Crystal clear and jargon-free, Life Without
Genes is packed with vivid and surreal examples drawn
from the world around us. Could a pufferfish behave like
a fly? Might giraffes grow taller than skyscrapers? How
are crocodiles able to stay underwater for more than an
hour? Is it possible to turn a stickleback into a daffodil,
or a tiger into a porcupine? Did the very first creatures
lack genes altogether? Woolfson asks us to imagine a hypermarket
stocked with every possible type of toy in the universe,
to see DNA as an infinitely flexible Lego and then he takes
us on swirling Peter Pan-like trips through the past, present
and future of our own genes and shows us the full scope
(and perils) of genetic engineering.
A uniquely accessible work of science, with
shades of Huxley, Lewis Carroll and Darwin, Life Without
Genes presents a truly startling vision of a future
where the consequences of our current genetic experiments
turn out to be both stranger and more foreign than we ever
imagined. It shows us a world dominated by artificially
constructed biological machines, and suggests that the very
genetic codes, DNA and protein building block materials
of contemporary living things, might themselves one day
be supplanted by more alternative designs and technologies.

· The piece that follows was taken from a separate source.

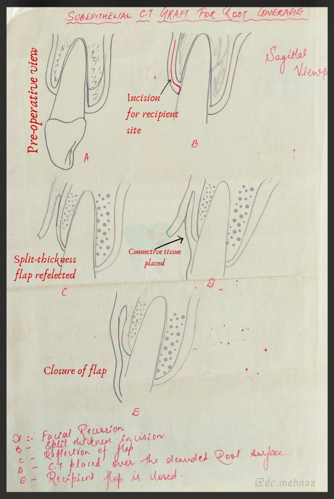 Adjacent to the denuded root surface, the donor connective tissue is sandwiched between the split flap as shown in the figure.

Our conception of life, evolution -- and genetics -- will
never be the same again.
Adrian Woolfson was educated in London,
Cambridge and Oxford. He is a Wellcome Trust Clinical Research
Fellow in the Division of Protein and Nucleic Acid Chemistry
at the Medical Research Council Laboratory of Molecular
Biology in Cambridge and a Charles and Katherine Darwin
Research Fellow in Molecular Biology at Darwin College,
Cambridge.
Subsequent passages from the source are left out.